Highly Custom Distributed Tracing?

So I would love to get distributed tracing working for our application but there is a case here when we do not use the standard infrastructure and move to a websocket.

Essentially there are cases when we go `API --> Websocket (UWS) --> Node.JS Application --> API (Localhost) --> Node.js Worker Cluster (Express routed by PM2)

In the worker cluster there will be plenty going on such as db requests and such. The API is just a localhost express app but it only has a single route so I would want to custom define those things but still have the instrumentation for the db calls and such as well that occur.

The problem here is that its all custom essentially once it gets through the websocket but I would like to tie it all together.

Essentially how would I pass the right parameters through to the websocket that would allow me to show the request all the way through the custom pieces of the application (I know I'd need to do all custom handling of the apm for those things).

Hi Brandon

Thanks for trying out Elastic APM :slight_smile:

The Node.js agent will automatically continue a distributed trace if it's coming in over HTTP/HTTPS. For all other protocols, such as WebSocket, you need to manually encode and decode the metadata needed to continue the trace when sending data between services.

Check out this answer for more details on how to do this:

If you have any other questions, don't hesitate to ask!

Best,
Thomas

Awesome, thanks!

One thing not answered in that post is what the actual headers that are added by APM by default are. I do end up calling other API's which use apm in this case which should be able to auto read the right header. Sorry if i missed it in there.

AKA: When I call from my service to the API which also has APM - what header name should I use so it picks up the trace parent and handles it properly?

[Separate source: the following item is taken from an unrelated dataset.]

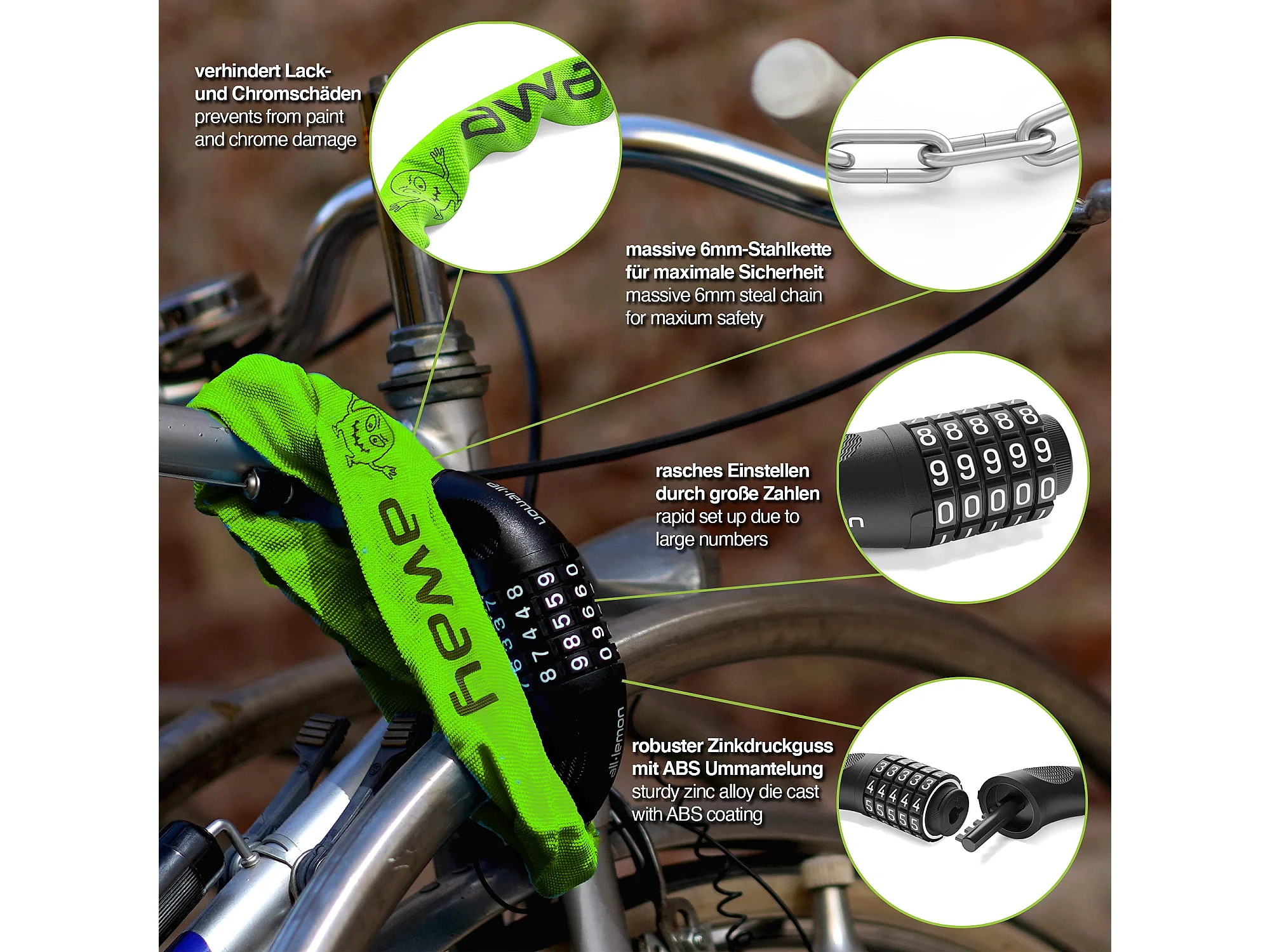 Fahrradschloss Radschloss mit Zahlencode,
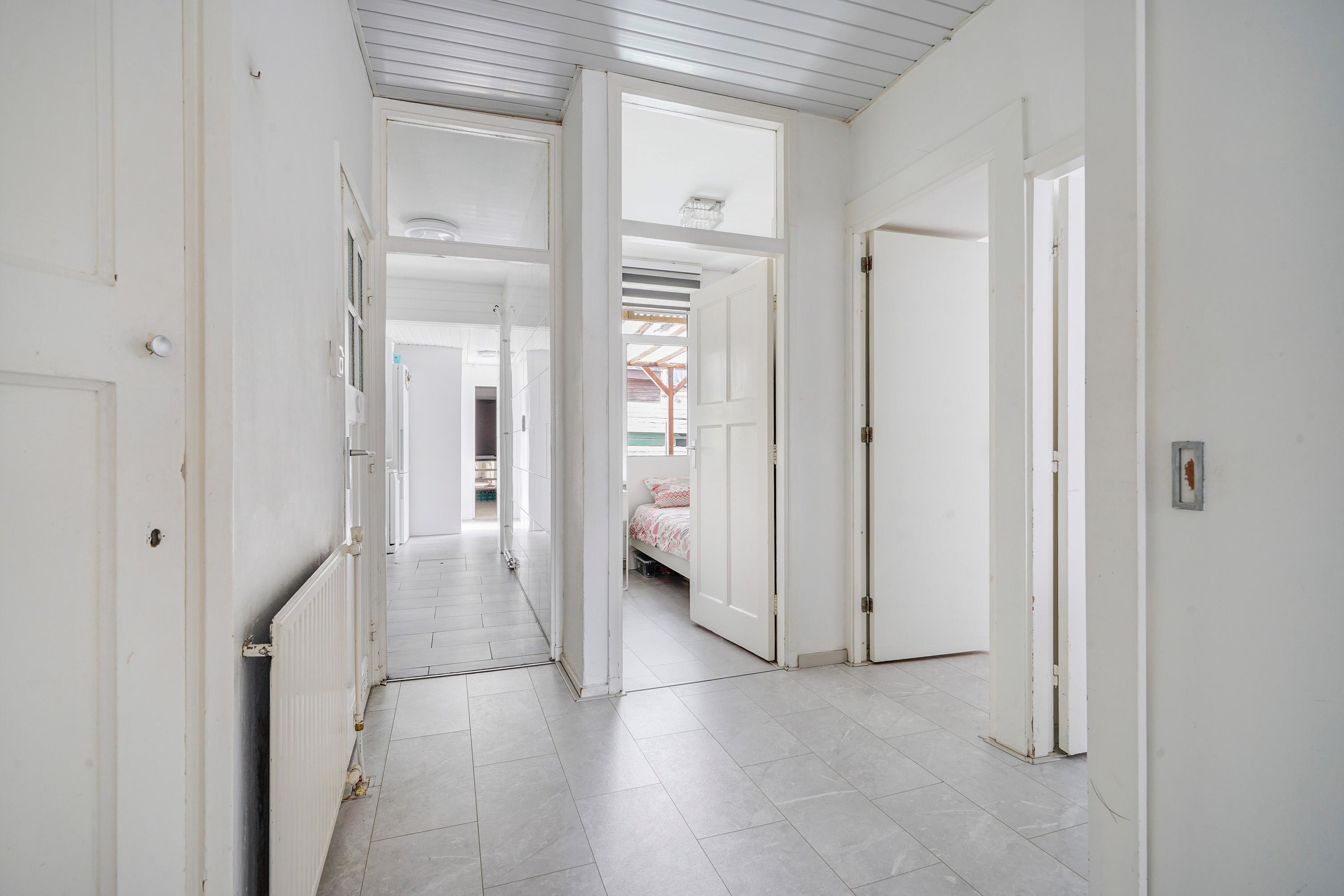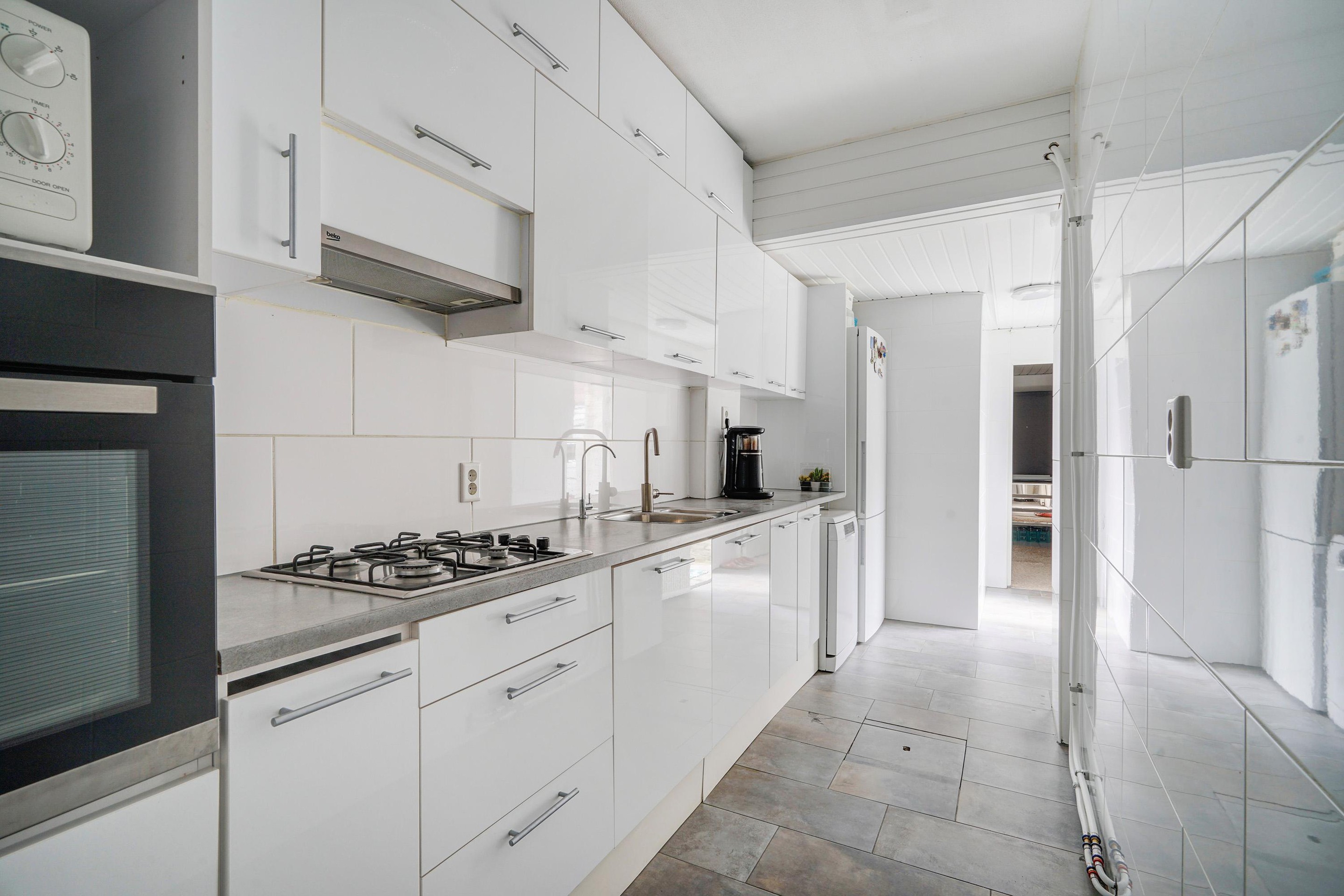 Entree woning, hal v.v. meterkast en toilet (hangend met fontein), ruime kast in de hal, vanuit de hal toegang tot de woonkamer, de woonkamer is voorzien van veel lichtinval, nette laminaatvloer en een prima zit-*en eethoek. Aan de achterzijde een ruime slaapkamer met openslaande deuren naar de tuin, de tweede slaapkamer (tussenkamer) is eveneens aan de achterzijde gelegen. De keuken is netjes onderhouden en v.v. 4 pits gaskookplaat, oven, vaatwasser, afzuigkap, koel-/vriescombinatie (los), aan de voorzijde treft u de derde slaapkamer aan en de badkamer is in de uitbouw gelegen v.v. inloopdouche, wastafel, wasmachine-/droger opstelling en handdoekradiator

If you call other services with HTTP/HTTPS, then the agent will automatically add the correct header for you. If you call other services using other protocols, you can just name the header/metadata whatever your want :slight_smile:

So you shouldn't need to know what the name of the HTTP header is. The reason why we actually don't want users to manually name this header is for compatibility reasons. We need all our agents (.NET, Java, Ruby, Node.js etc) to all use the same header name - else they will not work together in a distributed trace.

Currently it's called elastic-apm-traceparent, but we're in the process of changing this to just traceparent.

If you have a need to modify or manually set the HTTP header, please let me know as this shouldn't be needed. If so we need to add an API that lets you do this in a way that doesn't require you to know what the header is called.

Well I have a situation where there is a small part that I am not currently planning to add apm to. The websocket server acts as a proxy in some cases and not sure I want apm there since it would need to be completely custom anyway.

I am passing the trace parent along to the websocket now and then it calls via HTTP the worker which is . running apm so in this case I need to add the http header so that the transaction can continue again after it is through the proxy.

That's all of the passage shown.